Isn't it every singer's dream to spend time with one of their favorite performers? Perhaps it's as simple as getting an autograph, a picture beside them, or simply seeing them live on stage. Maybe it's spending two years with them in an intimate teaching setting where advice about technique, acting, and unleashing one's inner opera rock star is the aim?

This was the case with lyric baritone Richard Stilwell, faculty at the Chicago College of Performing Arts and his 14 voice students, myself included! In his weekly performance seminar, singers perform arias, art song, musical theater and a wide range of repertoire for their classmates. The goal of the class is to provide performing opportunities for the singers while also being an arena for constructive advice from peers and highly experienced faculty.
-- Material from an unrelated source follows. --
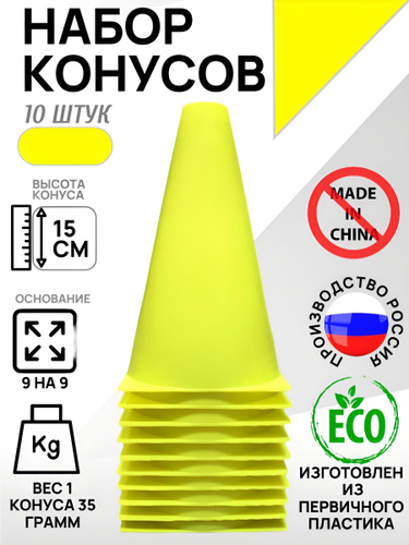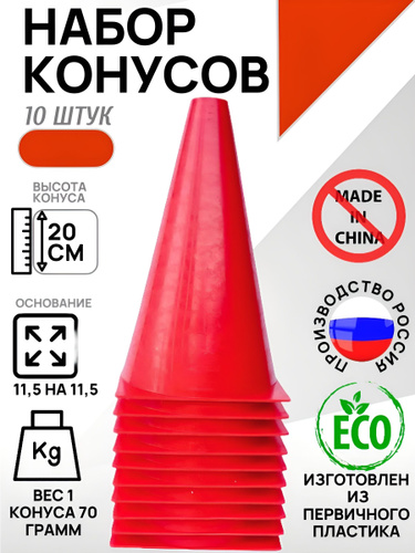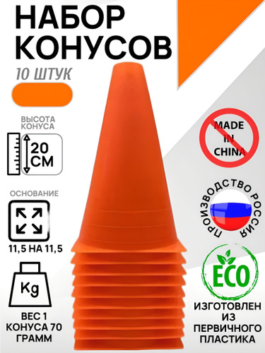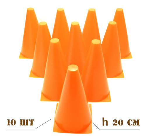 Конусы спортивные, разметочные высотой 20 см, 10 шт.

Richard takes time from his busy schedule of teaching, performing, and traveling to provide an insightful discussion about music, life off stage, and how he tackled a career on the big stage...

Morning Richard! Hope I didn't call too early. I completely forgot about the time change. Are you on the east coast?
No no, don’t worry. I’ve been awake and I’m still here in Chicago anyway.
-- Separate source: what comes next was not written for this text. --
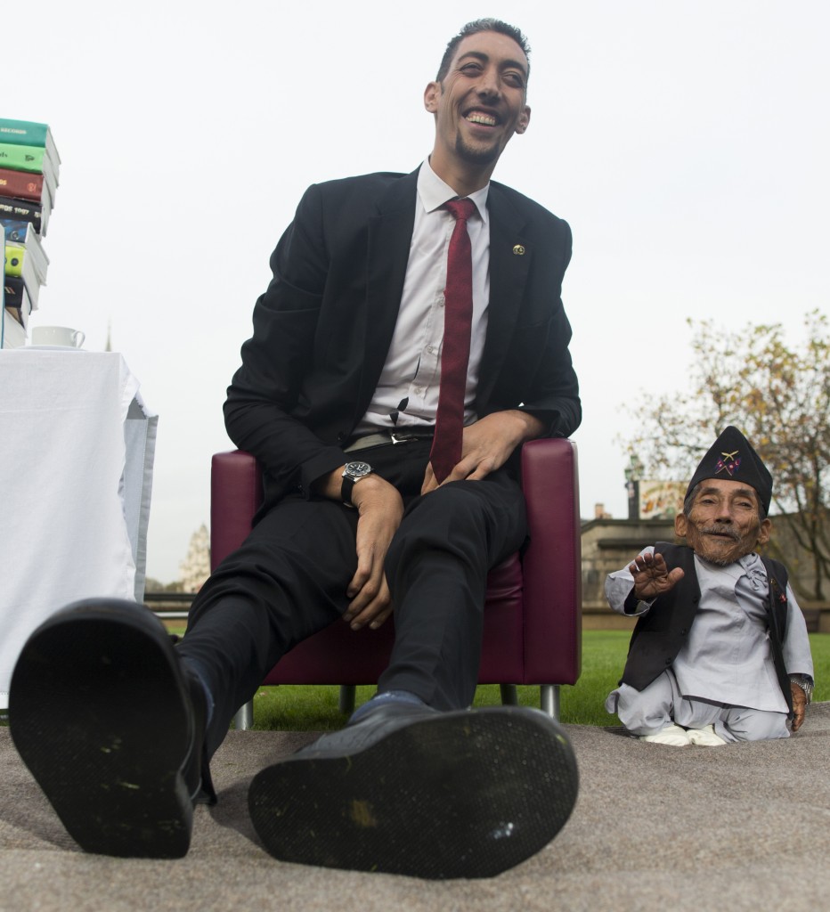 Chandra Bahadur Dangi, from Nepal, (R) the shortest adult to have ever been verified by Guinness World Records, is pictured with the world's tallest man Sultan Kosen from Turkey, during a photocall in London on November 13, 2014, to mark Guinness World Records Day. Chandra Dangi, measures a tiny 21.5in (0.54m) – the same height as six stacked cans of beans. Sultan Kosen measures 8 ft 3in (2.51m). AFP PHOTO / ANDREW COWIE (Photo by ANDREW COWIE / AFP)

Perfect! Thanks for taking time to talk with me outside of class. I appreciate your help with this project. Why don’t we go ahead and start? Tell me, where did you grow up and when did music become a regular part of your life?
I grew up in St. Louis. When I was 5 or 6 I began singing in the church. This is probably where lots of singers realize they have a talent for singing and also have their earliest memories with music. I had solos with the choir and members of the group encouraged me to sing. Choir was really my musical foundation when I was a kid. Since we had no professional musicians in my family, mounting a career in music was totally foreign to me. That didn’t dawn on me until much later in life. In fact, I was an English major at a small college in Indiana. I did sing with a gospel quartet and toured along the western coast. Music was always with me, but I wasn’t certain what to make of it. I enjoyed it... so, I did it.
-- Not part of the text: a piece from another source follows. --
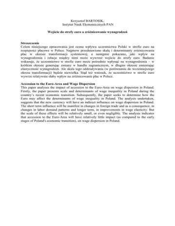 Krzysztof BARTOSIK, Instytut Nauk Ekonomicznych PAN Wejście do strefy euro a zróŜnicowanie wynagrodzeń Streszczenie Celem niniejszego opracowania jest ocena wpływu uczestnictwa Polski w strefie euro na rozpiętości płacowe w Polsce. Najpierw przedstawiono skalę i determinanty zróŜnicowania płac w okresie transformacji systemowej, a następnie pokazano, jaki wpływ na wynagrodzenia i relacje między nimi moŜe wywrzeć wejście do strefy euro. Badanie wskazuje, Ŝe uczestnictwo w strefie euro moŜe pośrednio wpłynąć na wynagrodzenia – w krótkim okresie generując zmiany w handlu zagranicznym, w długim okresie zmieniając elastyczność wynagrodzeń. Ale skala tego oddziaływania (w porównaniu do wcześniejszego okresu transformacji) będzie niewielka. Stąd teŜ wniosek, Ŝe uczestnictwo w strefie euro wywrze relatywnie słaby wpływ na zróŜnicowanie płac w Polsce. Accession to the Euro-Area and Wage Dispersion This paper analyses the impact of accession to the Euro-Area on wage dispersion in Poland. Firstly, the paper presents scale and determinants of wage inequality in Poland during the country’s recent economic transition. Subsequently, the paper seeks to determine how the Euro may affect the determinants of wage inequality in Poland. The analysis undertaken, suggests that the new currency will have an indirect influence on wage dispersion in Poland. The short term influence will be manifest in changes in foreign trade and as a consequence, in changes in labor demand patterns and longer term, in improvements in wage elasticity. But the scale of these effects will be relatively small, or even negligible. The analysis indicates that accession to the Euro-Area will have relatively little impact (as compared to the early stages of Poland's economic transition), on wage dispersion in Poland.

What instruments did you study as a child, did someone make you practice, and do you perform those instruments in public anymore?
I studied piano for 3 years, but I wasn’t pressed to continue. I was young and other than my gospel group and a few small productions I’d seen, music wasn’t totally on my radar. However, I did become a pretty good
sight-reader and honed a sharp ear for harmony. Singing hymns really boosted these skills. That experience actually landed me my next job in the army chorus, where I sang for awhile after leaving college. But still the thought of opera, legato, coloratura, and stage lights might as well have been ideas locked in the bottom of a tomb.

So what changed? It’s no small feat to sing doo-wops in the mess hall with your buddies and then eventually end up on every major opera stage in the world. How did you find your glass slipper?
Keep in mind it was a very gradual process. Even in the middle of a singing career, even very successful ones, we stop and ask “What on earth am I doing…should I be doing this?” All along friends would ask why I didn’t study music or audition for things and I wasn’t completely sure, but one moment of change came when I sang my first recital.

Sounds like it was something of a milestone. Talk a little about it. What do you remember?
Everything! I worked with a coach from the St. Louis Opera Guild to prepare the music. It wasn’t much but I had to work hard. Working with the coach was a lot like an extended introduction to vocal arts. We worked on building characters and singing with expression. But the thing I remember most was the audience and communicating to them. It was such an exciting phenomenon and I didn’t want to let the feeling go. That experience opened the door to music a little wider for me.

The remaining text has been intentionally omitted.